Code Monkey home page Code Monkey logo

backdrop's Introduction

Backdrop: stochastic backpropagation DOI Binder

  • Siavash Golkar
  • Kyle Cranmer

Summary

Backdrop is a flexible and easy to implement tool for introducing stochasticity to the gradient and can be intuitively described as dropout along the backpropagation pipeline. Backdrop can lead to a significant improvement in optimization performance in problems where stochastic gradient descent is not suitable or well defined. These generally fall into two main classes: 1) problems with non-decomposable losses and 2) problems where each sample can be intuitively considered as being hierarchically comprised of many smaller subsamples.

Similar to dropout, backdrop is implemented via the insertion of one or more masking layers in the network. Backdrop masking layers are transparent during the forward pass but block random parts of the gradient along the backward pass. Above is an example of two backdrop masking layers in a convolutional network. An example of the masks generated during the backward pass of this network is given below. Note that in this case stochasticity is introduced because the gradient is propagated for only a fraction of the various parts of the input.
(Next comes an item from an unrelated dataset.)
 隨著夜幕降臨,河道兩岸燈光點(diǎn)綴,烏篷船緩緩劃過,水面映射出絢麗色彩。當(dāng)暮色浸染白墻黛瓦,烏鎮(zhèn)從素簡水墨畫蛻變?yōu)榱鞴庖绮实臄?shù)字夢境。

For more details and results from experiments that demonstrate performance improvements with backdrop see the paper (draft).

Motivation

There are two general classes of problems for which stochastic gradient descent is not suitable. First, optimization of loss functions that cannot be decomposed into a sum of individual sample losses. For example global performance measures such as F measures and ROC AUC fall into this calss. Similarly, problems where we would like to impose some desired structure on the latent space are often not decomposable. For these class of problems, the loss cannot be evaluated on individual samples so stochastic gradient descent is not applicable. Moreover, often they can not be well approximated with small batch sizes; therefore, minibatch SGD is also not well suited. For details on how backdrop helps in this class of problems see the paper.
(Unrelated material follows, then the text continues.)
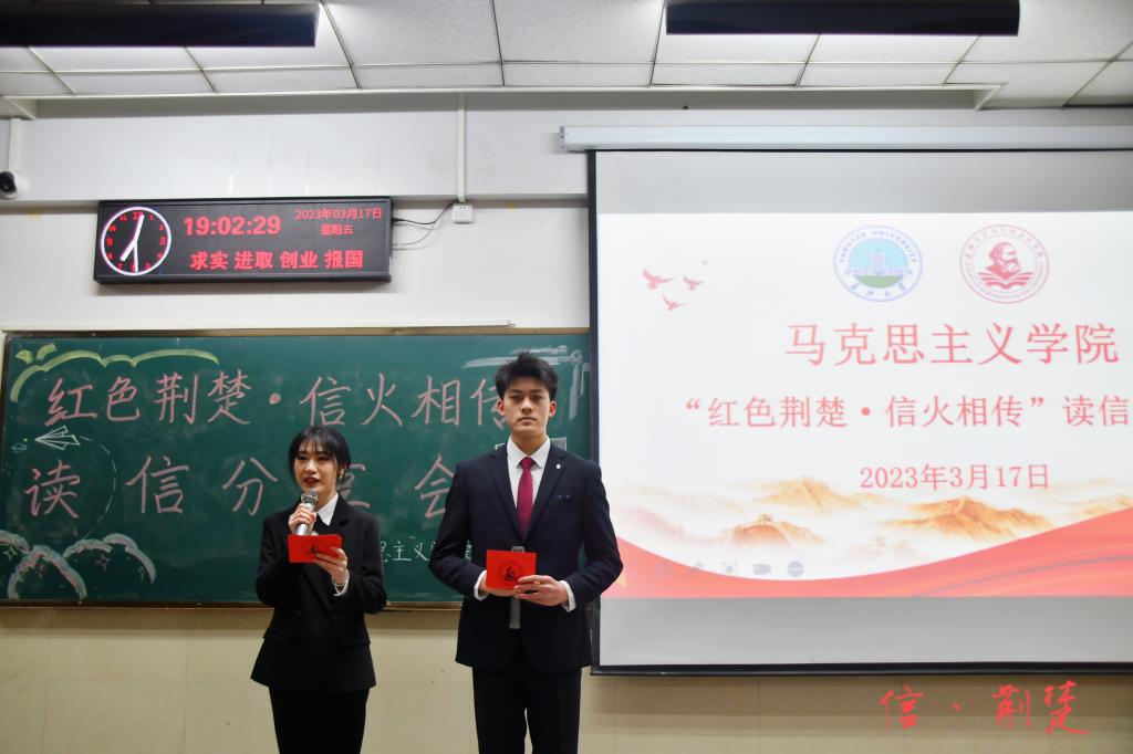 (通讯员 王悦)诵读红色书信,致敬百年峥嵘。为学习贯彻党的二十大精神,感悟信仰的力量,3月17日晚7时,马克思主义学院师生在12教203齐聚一堂,举办“红色荆楚·信火相传”读信分享会。

A second class of problems for which SGD is not suitable are problems that have a small number of information-rich samples, each of which is comprised of many smaller subsamples. Examples include sequences, graphs, images, time-series as well as many physics based scenarios. For instance, the Millenium Run (see image), a cosmology simulation that traces the evolution of the matter distribution of the Universe, is a demonstrative example of this class of problems. At the largest scale, the image is a web of filaments. As we zoom in, we start seeing more structure, corresponding to the dark matter halos and eventually we see many galaxies inside each halo. For this class of problems, one would like to take advantage of the many realizations of the objects at the different scales in the problem.
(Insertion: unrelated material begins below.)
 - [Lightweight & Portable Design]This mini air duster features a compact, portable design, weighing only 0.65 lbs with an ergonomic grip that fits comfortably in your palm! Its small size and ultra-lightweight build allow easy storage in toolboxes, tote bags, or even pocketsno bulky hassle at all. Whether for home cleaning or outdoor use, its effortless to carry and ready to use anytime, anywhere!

Gaussian process texture dataset

As a benchmark for this class of problems, we created the two-scale Gaussian process dataset, where each sample is comprised of a number of large and small blobs. Each large or small blob can be considered an independent realization at that scale. We considered a classifiction problem for four classes defined by the length scale associated to the large and small blobs. The 2-scale nature of the data poses a problem for approaches based on cropping at a single scale. For a demonstration of the GP dataset generator see gp-generate-demo.ipynb

Backdrop implementation

With backdrop we can approach this problem using a convolutional network which incorporates two backdrop masking layers inserted at points along the network that correspond to convolutional layers with receptor fields comparable to the size of the blobs. During the forward pass of the network, the objective is evaluated using the entire sample but during the backward pass, the gradients are only propagated for a random patches of the data. Specifically, the weights of the coarser convolutional layers will get updated according to the surviving patches of the large scale mask, and the weights of the finer convolutional layers will get updated according to the surviving patches of the small scale mask.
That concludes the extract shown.